I don't think the answer is to think about God a lot of the time, nor to direct our attention towards God.
To do so would be a mistake because God is our Father; and a good Father does not want his children to be thinking about him too much, nor to be addressing themselves to him too much.
Instead, a Father wants his children to live in a 'context' of true understanding and Good motivation.
I don't mean that God wants us to forget or ignore him; in the sense of behaving as if he did not exist. And certainly God wants us to acknowledge his identity; and that he is the Creator. That is what I mean by 'context'.
But ideally this state of knowing is not something at the forefront of our minds, not something we are explicitly doing; but something that is a solid basis for everything we do.
When a child is out in the world - at school, playing with friends - a good Father does not want his child to be thinking about him all or most of the time. The Father wants always to be 'remembered' but not to be uppermost in the child's mind.
Ideally, the Father hopes his child will be engaged by what he is doing; learning from his experiences, growing and developing as a Christian individual.

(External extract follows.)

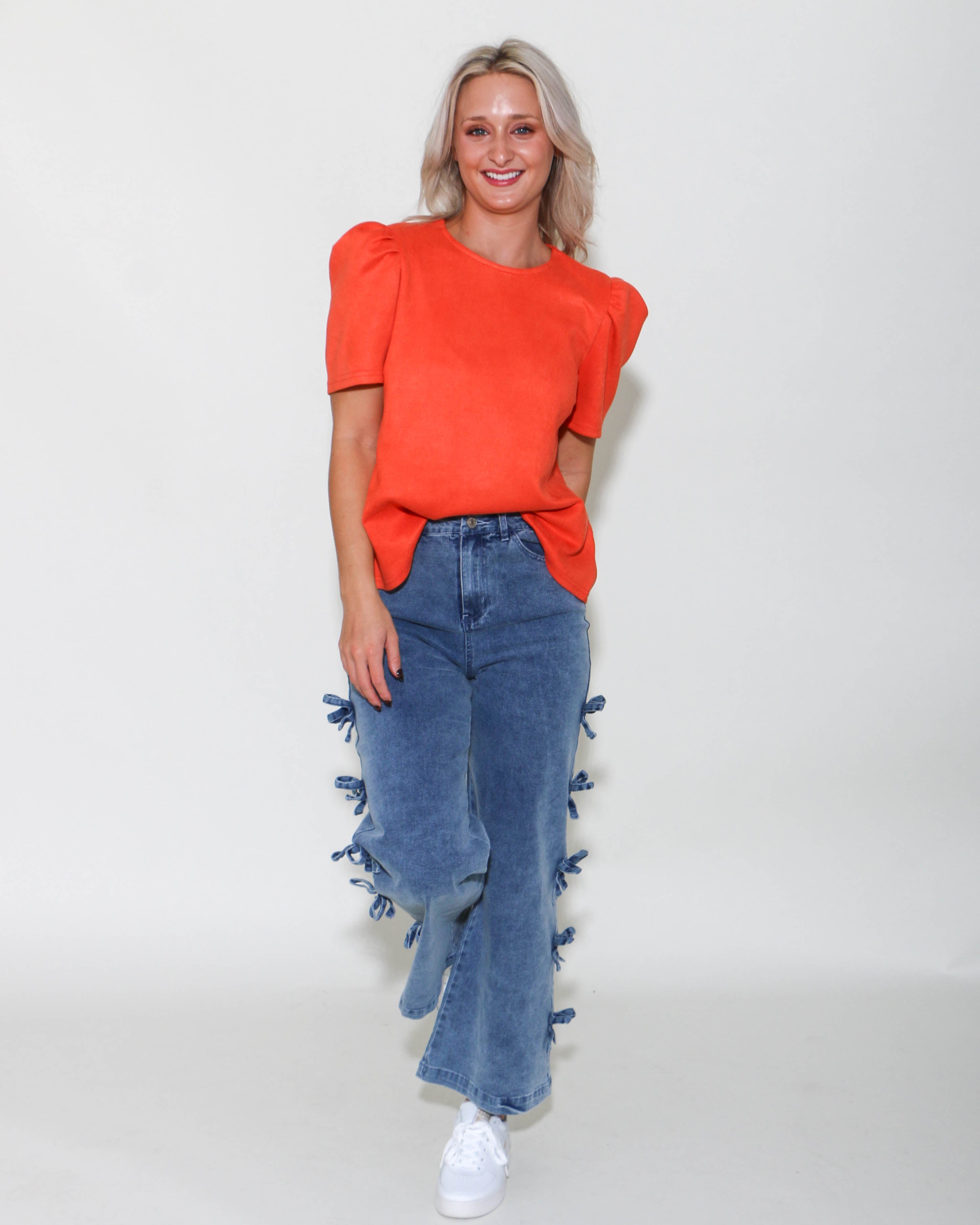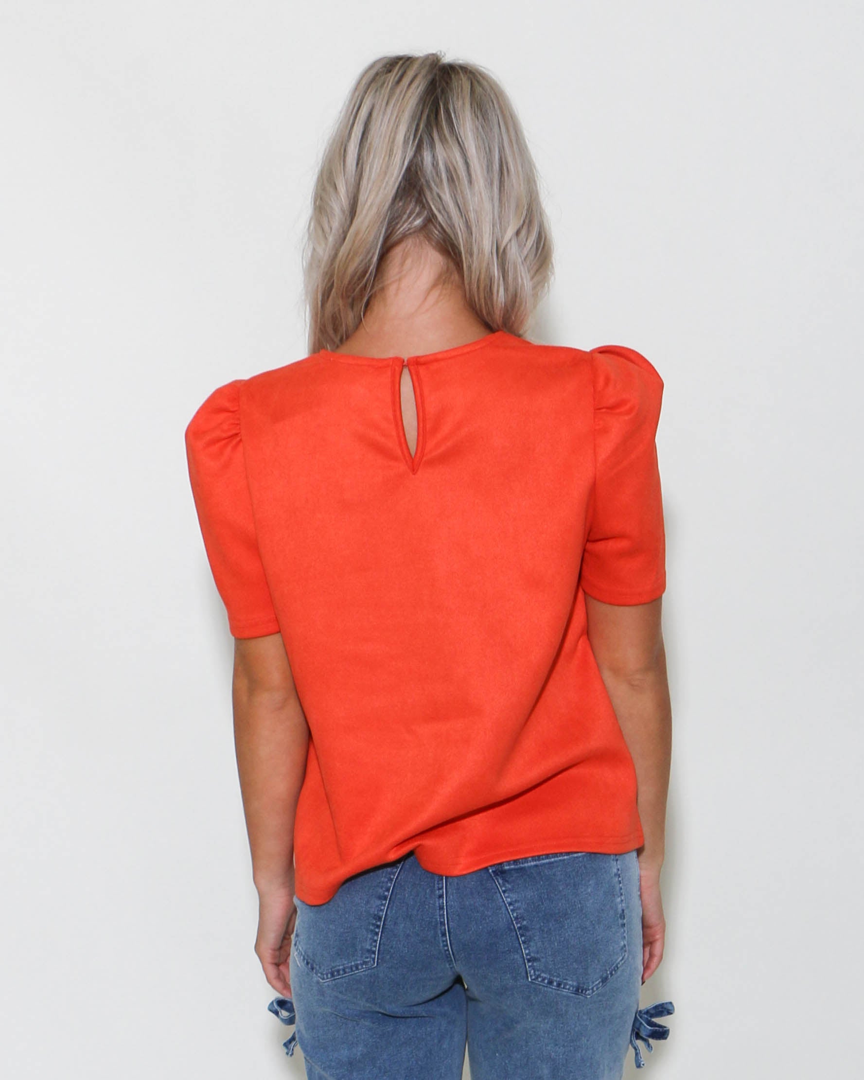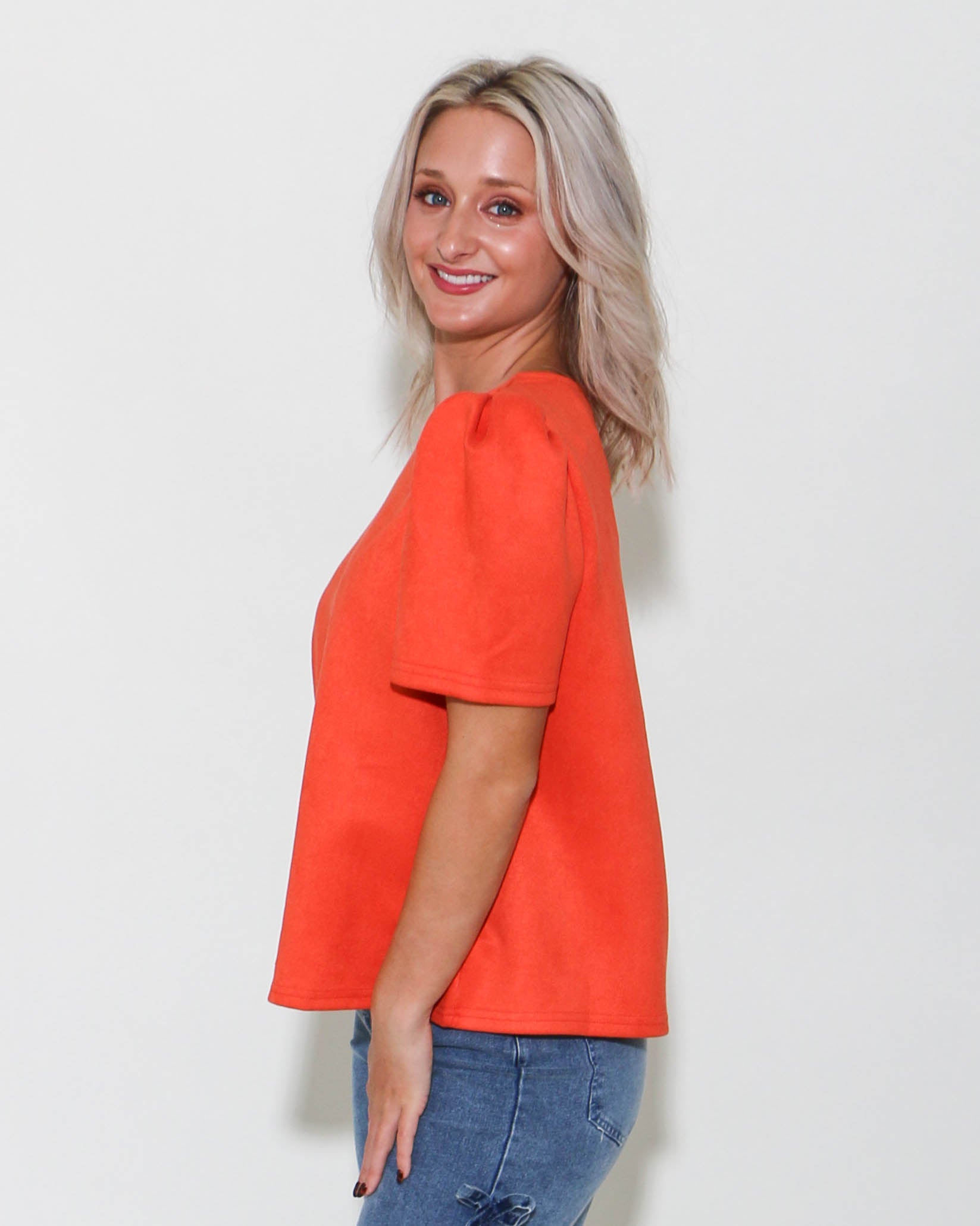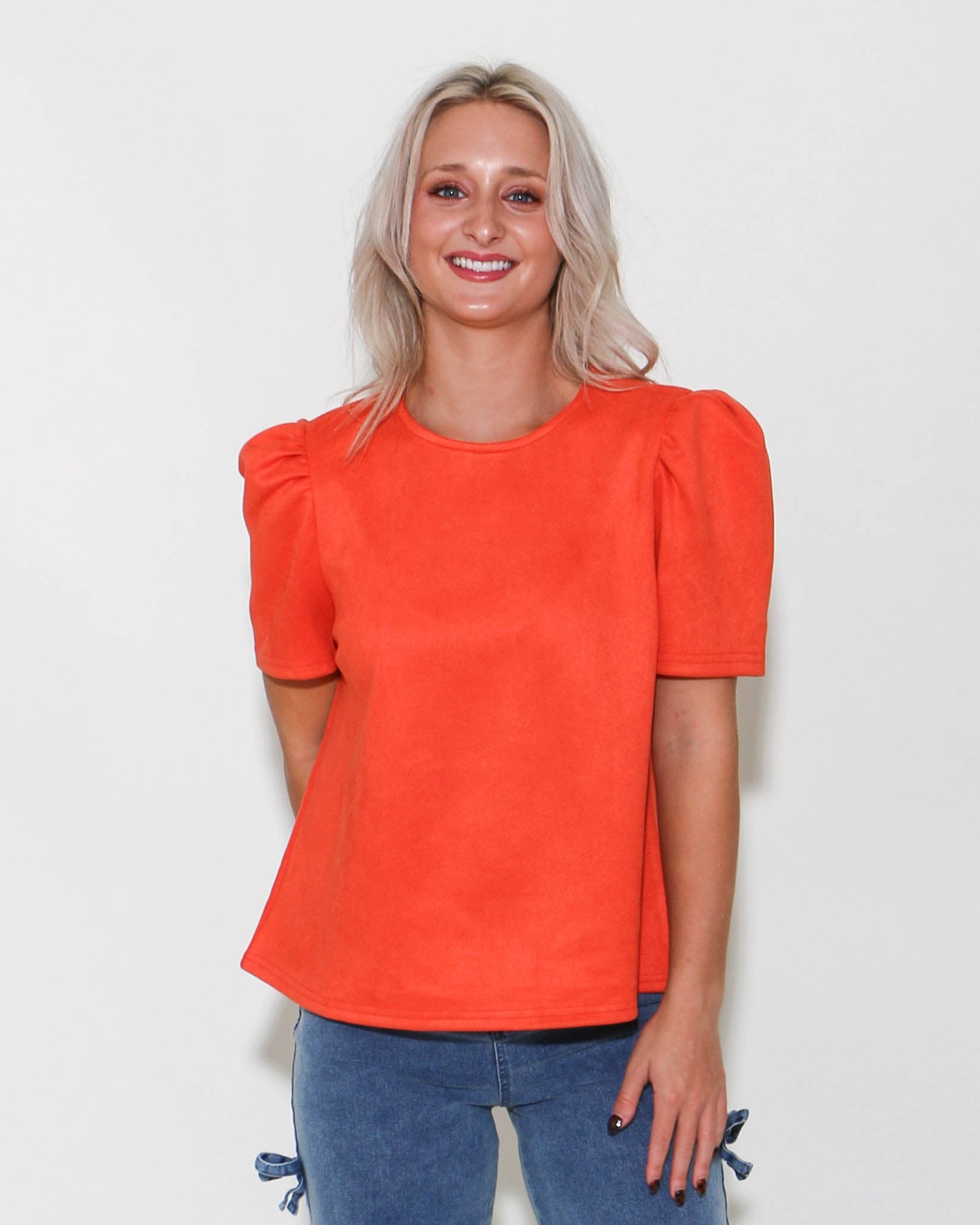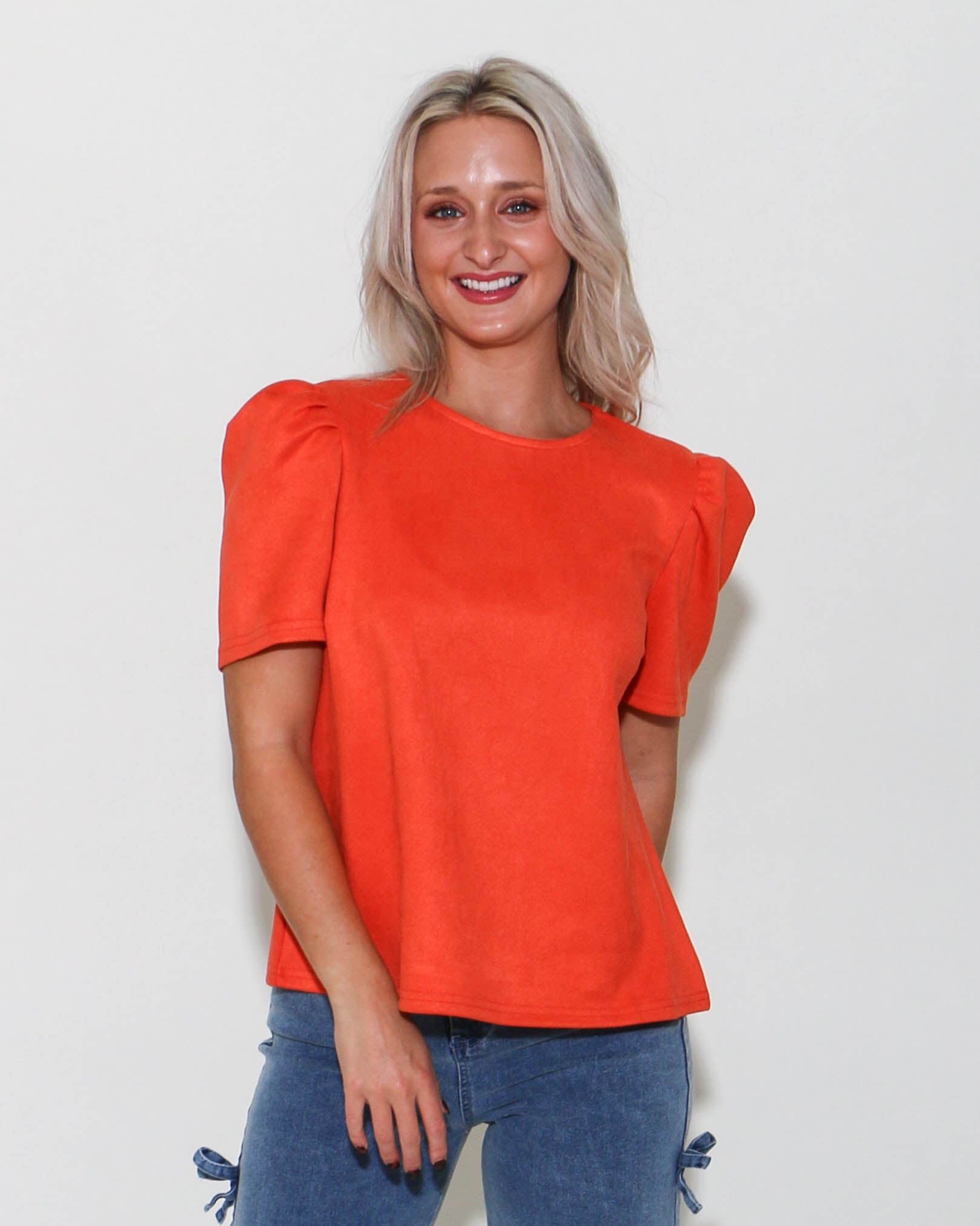 Unleash your inner fashionista with our THML Puff Sleeve Suede Top in Orange! Featuring luxurious suede fabric and trendy puff sleeves, this top is the perfect addition to your wardrobe. Dress it up or down for any occasion and stand out in style. Don't miss out on this must-have piece!

The reason I mention this is that sometimes Christians have had what I regard as wrong ideas about our ideal relation to God; wrong ideas of what we should be aiming at. I regard it as an error to suppose that God would want us to be praying all of the time, or engaging in liturgy and Christian ritual all of the time, or reading scripture all of the time.
These are activities that I think God intends to be a means to an end - and when not effective, then not done. We probably need reminding of God's reality, and we want to meet and engage with God - analogously to a child coming home at the end of the day and talking with his parents; or starting the day at home engaged with the family.
But there is a qualitative difference between the family as a solid basis, and the family as the primary topic of conversation, and the dominant theme of thinking.
In a nutshell - I can express this in terms of the two ultimate purposes of life being Love and Creation. Love is the primary thing for Christians - but does not tell us what we 'do with it'. What we are supposed to do with Love is Creation.
Love fits us to participate with God in the work of Creation.
The family (broadly conceived to include marriage, lineage and those rare strong true-friendships) is the locus of Love and our solid base that enables us to create in ways that are in harmony and aligned by purpose.
Without Love there is not creation - because there is not harmony and alignment. It is impossible to exaggerate the importance of Love.
BUT Love is not the subject matter of creation - it is the ground of creation.